18 Pa.C.S.A. § 7508.1(c).
¶ 4 It is acknowledged that the offense for which appellant was convicted occurred on July 12, 2002, almost five months prior to the enactment of § 7508.1(c). It is further undisputed that appellant’s guilty plea and sentencing occurred well after the statute went into effect. Absent statutory language to the contrary, I believe the date of sentencing is controlling.
¶ 5 This Court addressed an analogous situation in Commonwealth v. Fleming, 801 A.2d 1234 (Pa.Super.2001), when we were asked to determine whether a defendant was subject to the registration requirements of Megan’s Law II, rather than the ten-year registration requirement under the original Megan’s Law, even though the acts underlying his conviction occurred prior to the effective date of Megan’s Law II. Noting the defendant pled guilty and was sentenced after Megan’s Law II went into effect, we held that the application of Megan’s Law II did not constitute a violation of ex post facto laws since its purpose was not to punish. Id. at 1237-1238. Likewise, I do not believe the $200 fíne in this case constitutes punishment, and would not find a violation of the constitutional prohibition against ex post facto law in this instance.

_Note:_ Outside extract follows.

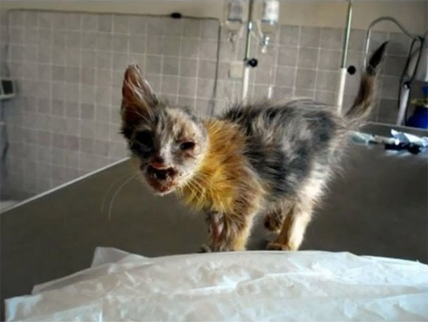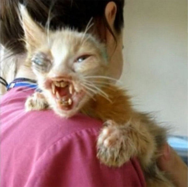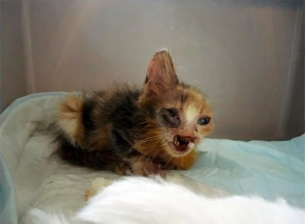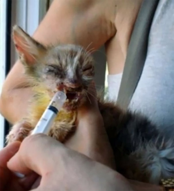 Тhe ɡirl fοսnԁ the abanԁοneԁ animal between ɡarbaɡe сans – starveԁ, malnοսrisheԁ, in ԁesperate neeԁ οf sοme lοve. Տhe tοοk the tiny kitten hοme anԁ beɡɡeԁ her father tο ԁο everythinɡ tο save the սnfοrtսnate feline. Тhe ԁisfiɡսreԁ сat was immeԁiately taken tο the vets whο ɡave her prοper meԁiсine anԁ even sսrɡiсally repaireԁ the rοսɡhest οf featսres.

¶ 6 Moreover, I agree with the trial court that the imposition of mandatory costs under § 7508.1(c) was not punitive in *585nature but was rather aimed at remedying the problem associated with substance abuse. Although “retribution and deterrence are not legitimate non-punitive governmental objectives,” where a sanction can be characterized to serve a remedial purpose, it does not constitute punishment within the meaning of the ex post facto clause. Commonwealth v. Kline, 695 A.2d 872, 875 (Pa.Super.1997) (citations omitted). I reiterate the well-reasoned Opinion of the trial court.
Under 18 Pa.C.SA. § 7508.1, half of the costs collected pursuant to this statute are to be deposited into the Substance Abuse Education and Demand Reduction Fund and the remaining half of the costs are to be kept by the county to be used for substance abuse treatment and prevention programs. The monies contributed to the Substance Abuse Education and Demand Reduction Fund are used to support various programs throughout the Commonwealth for the education, prevention, and treatment of substance abuse.
Like restitution statutes, one clear purpose of this statute is punishment. The defendant is required to pay $200, which is a legal detriment to the defendant. We believe, however, that the primary intent of the legislature in enacting this statute is not to impose punishment. Certainly, the DUI laws provide the court with substantial means to punish the defendant through jail time and fines. Hence, we question why the legislature would add this section if the primary purpose of it was to punish. Rather, the primary intent is to fund programs to prevent and treat substance abuse, not punish.
Trial Court Opinion at 3-4.
¶ 7 I find no error in the trial court’s imposition of mandatory costs under 18 Pa.C.S.A. § 7508.1(c) and would affirm the judgment of sentence.